When announcing this, the Prime Minister mentioned the West Midlands mayor Andy Street several times, saying that he looked forward to working with Street on other infrastructure projects. Given Street has made his displeasure well known on the issue and even suggested he could quit, this seemed as much a plea to Street not to resign in protest.

The phased ban on smoking is the most divisive policy within the Tory party

The next announcement was on smoking – with Sunak confirming that he plans to bring in a phased ban on smoking, in the style of the New Zealand ban. It would come in as a policy in which 14-year-olds would be prevented from ever buying cigarettes (legally). It means a teen who is 15 years old at the time of the policy being enacted would be allowed to buy cigarettes for the rest of their life but their younger 14-year-old classmate would never be. There will be a free vote on the legislation in parliament. There will also be a consultation on vaping and, in Sunak’s words, how to stop it becoming an ‘endemic’ problem for youngsters.

This is the most divisive policy within the Tory party. It has already been criticised by the Institute for Economic Affairs as ‘hideously illiberal’. Polling suggests it is popular with the general public.
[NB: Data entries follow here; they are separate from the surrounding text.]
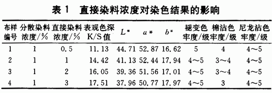 用分散紅S一5BL,直接紅Intralite 12B,在分散染料濃度為1%(owf),直接染料濃度分別為0.5%、1%、2%、3%(owf)時(shí),對(duì)織物進(jìn)行染色,并測(cè)試染色織物的表觀色深K/S值,色度指標(biāo)L*、a*、b*及耐水洗色牢度,結(jié)果見(jiàn)表1。
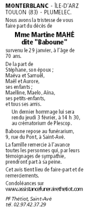 Madame Martine MAHÉ née RIVAL
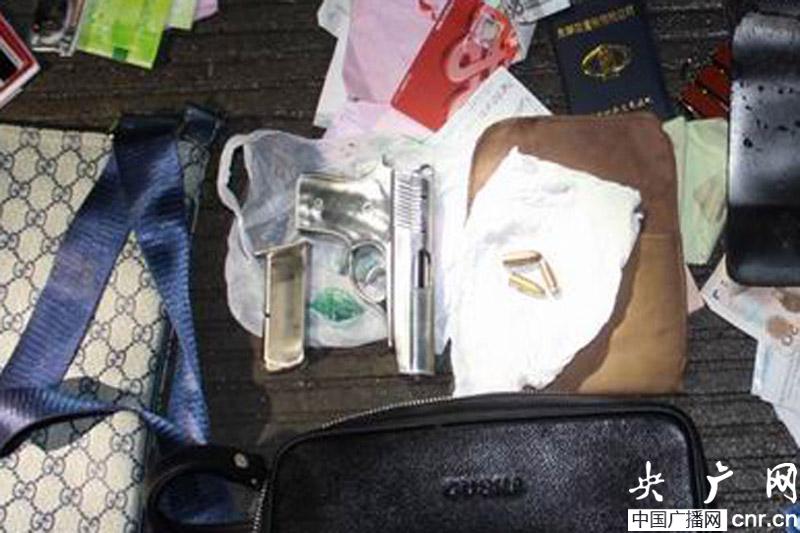 圖為查獲的仿軍用六四式手槍1支、子彈3發(fā)(央廣網(wǎng)發(fā) 沈積軍攝)
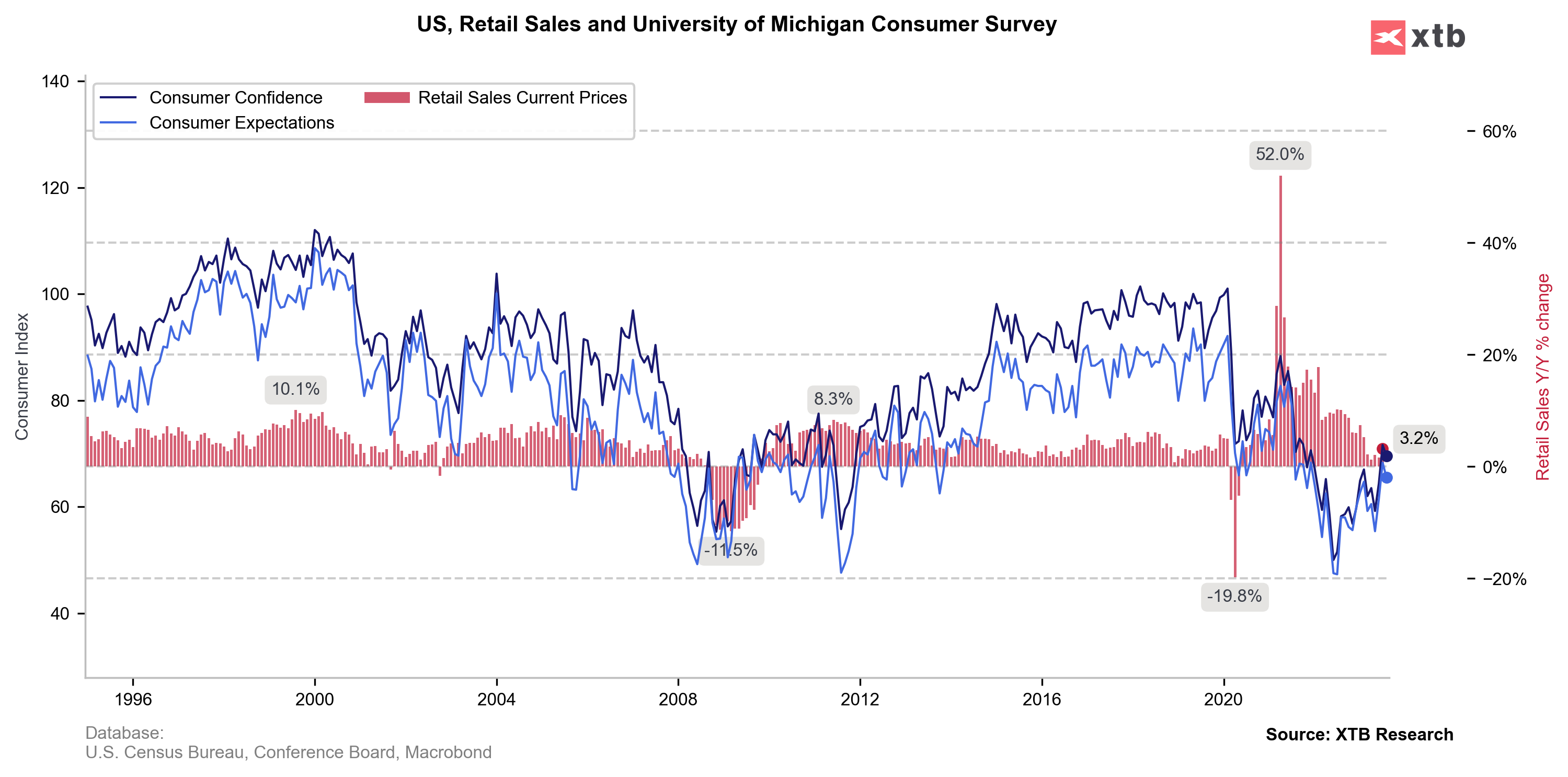 Pendant ce temps, des données de l'Université du Michigan concernant le sentiment des consommateurs et l'inflation attendue ont également été publiées. Les données n'ont pas apporté de surprises significatives. Les attentes d'inflation ont légèrement augmenté, avec une prévision à un an de 3,5% et une prévision à 5 ans de 3,05%. Le sentiment des consommateurs s'est avéré quelque peu moins bon, restant en deçà des attentes à 69,5 par rapport à un 71,2 attendu. Une détérioration supplémentaire du sentiment des consommateurs pourrait impliquer une baisse continue des ventes au détail, qui avaient jusqu'à présent exceptionnellement bien performé.
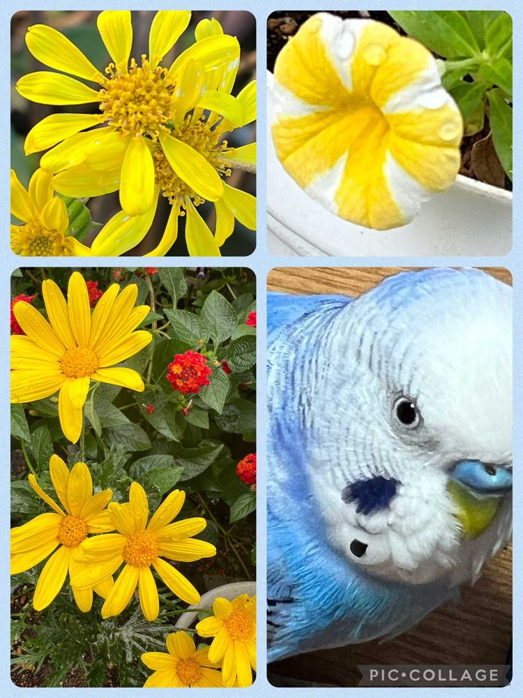 お花さん達と久しぶりのこれも幸せの青い鳥、セキセイインコのシータ君です。レンズが好きなので寄りすぎ!🤣もうすぐ6才
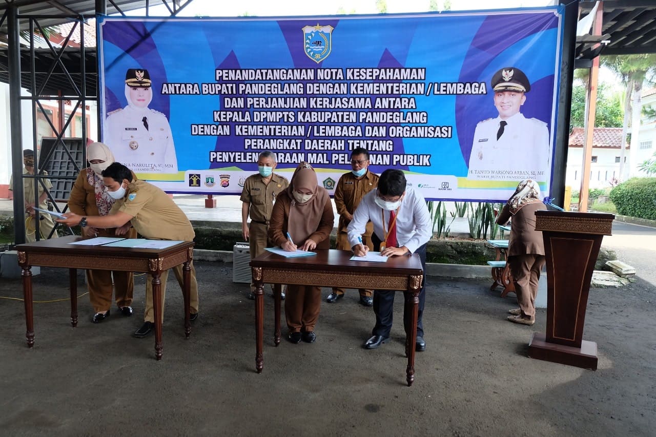 Nota Kesepahaman ini juga ditandatangani perwakilan dari Kementerian/Lembaga lainnya yakni Kementerian Hukum dan HAM Banten, Kepolisian Resort Pandeglang, Kejaksaan Negeri Pandeglang, PT. Taspen cabang Serang, BPJS Ketenagakerjaan cabang Serang, BPJS Kesehatan cabang Serang, Bank BRI cabang Pandeglang, Dinas Perhubungan, Dinas Sosial Kabupaten Pandeglang yang juga ikut berpartisipasi di mal pelayanan publik nantinya.
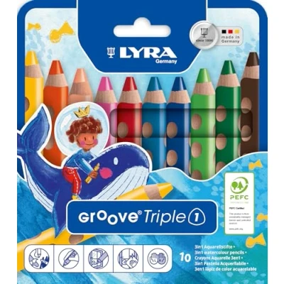 LYRA Groove Triple One 3 in 1 Wooden Colouring Pencils, Triangular, Thick, Lacquered Lead, 10 mm Cardboard Case, Assorted Colours, Count

It means Sunak’s policy pivot is more complicated than a rightward pivot – some of this will be the hardest to swallow for his own party. Meanwhile, Labour MPs are likely to support it, meaning Sunak should have the votes regardless.

The final big shift is on education. Sunak plans to scrap A-levels in favour of a UK version of an international baccalaureate – titled the ‘advanced British standard’. This would mean that students don’t have to specialise so early. However, this policy will take time to implement and require consultation with the sector so it will really only come into effect should Sunak win the next election.

So, on that point, have the chances of Sunak turning around his party’s fortunes risen on the back of that speech? Sunak chose to announce all three together – despite it meaning HS2 speculation dominated the entire conference – in a bid to make a bang that means voters notice and look at him differently.

In the coming hours, he’ll discover whether he has struck a balance that means he will keep his West Midlands mayor and whether the Libertarian wing of the party will go along with the smoking ban. As for voters, the risk is that on HS2 it looks like more Tory U-turns as opposed to his new pitch. No. 10 hope that Starmer will look cautious by comparison when he stands up to speak next Tuesday at Labour’s conference in Liverpool.